Welcome to Cafe Capriccio

49 Grand Street Albany, New York 12207
518-465-0439

Cafe Capriccio
Culinary Memoir

Introduction by Jim Rua 

For almost a decade, I have written a menu each day for the evening's offerings at Cafe Capriccio in Albany, New York. Cafe Capriccio is a "little Italian Restaurant," fifty seats, decor circa 1950, located three steps below the sidewalk, in the old section of the Albany's once thriving Italian neighborhood. Many people say it reminds them of places on Mulberry Street before the Asian migration. 

One of the most interesting aspects of the Cafe is that it is simultaneously regarded as a good place to eat, a good place to hide, a good place to be seen, and a good place to be left alone. This apparent contradiction is consistent with all of the other inscrutable aspects of the restaurant business which I do not understand. I am content to know that Cafe Capriccio is enjoyed by many Albanians and visitors who pass through town for reasons known best to them. As a restaurant owner, it is important to know when to be comfortable with ignorance, especially your own. 

Each day the menu has followed the same three-part outline: 1. Appetizers and Side Dishes; 2. Pasta and Risotto; and 3. Entrees. Within these categories, I usually suggest six choices in the first section, seven pasta dishes, and five entrees.

On any given evening at Cafe Capriccio the menu thus appears quite succinct and relatively brief. However, over the course of a month, a year, or a decade we offer just about every preparation imaginable, albeit in small daily rations. Voluminous menus in restaurants intimidate me, except of course in Chinese places where I judge the quality of the food always by the extent of the choices. Once I was in a tiny city on the western coast of Aruba which consisted of an oil refinery and a Chinese restaurant operated by a gentle octogenarian who, it was said, leaped from a slave ship sixty five years earlier and immediately established a restaurant in the deserted city. 

When I arrived the city remained deserted, no one was in the restaurant, but I noticed the menu offered three hundred exotic choices. Our party selected six of the exotica to be shared by four persons, lest we be served some unhappy surprise. Mirabile dictu, we were overwhelmed by six extraordinary preparations. So, it is axiomatic, the bigger the Chinese restaurant menu the better the food. Not so Italian, or French, or Spanish.

Just last week, in fact, I visited a celebrated Italian restaurant in the "north end" of Boston whose menu totaled seven pages. Curiously, there was no pork, lamb, duck or game offered. There were, however, fifteen varieties of boneless chicken breast, twenty- two variations of veal scallopini, thirteen shapes of pasta, four kinds of garlic bread, strip steak broiled, grilled, or pan fried, and a special of breaded, deep fried, sea scallops. 

Gazing at the menu, the children were numb; I was catatonic; my wife impervious. Only my sister Andrea, who knew the place and selected it for its valet parking services, saved us from humiliation and starvation. She ordered, the food arrived clean and hot, without a trace of familiarity or taste. We applauded the friendly servers, marveled at the rococo ceiling murals depicting The Last Supper (L'Ultima Cena) next to a scene from La Dolce Vita, enjoyed the vino di tavola, but could not detect the difference between young Franco's linguine Bolognese and Anita's linguine with pesto.

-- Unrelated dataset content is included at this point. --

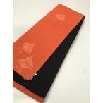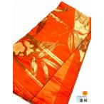 中古40%OFF/中古 半幅帯 正絹 アンティーク 朱色地に竹節文様 六寸 リサイクル着物 中古着物

In contrast, some years ago when Anita, now thirteen, was nine months old we visited the Sun Coast of Spain with Walter, Mary Ann, and Julia Donnaruma. Julia was about two. On our way to Cadiz by car one fine afternoon we stopped at a small roadside restaurant too late for lunch and too early for dinner. Greeted by the proprietor's wife and three small children who understood our circumstances, we were easily persuaded to remain. Father was summoned from his nap, and without benefit of a menu we were treated to a splendid meal of local fare expertly prepared: the day's catch from the sea visible from our table on the terrace, ripe tomatoes picked for us by the children, tender greens graced with potent olive oil and native garlic, fruit from a nearby orchard. I was then a novice restaurant proprietor and knew I had learned something valuable about hospitality and about food service.

And so, like many other paradoxes attendant to the life of every restaurant, Cafe Capriccio's menu may be described as among the briefest or, if you chose, the most expansive in the culinary history of the world. Then again, the menu may be otherwise described. In any event, this small volume will contain a fair sampling of the most popular dishes we have prepared over the years, organized, like our menu, under the categories Appetizers and Side Dishes; Pasta and Risotto; and Entrees.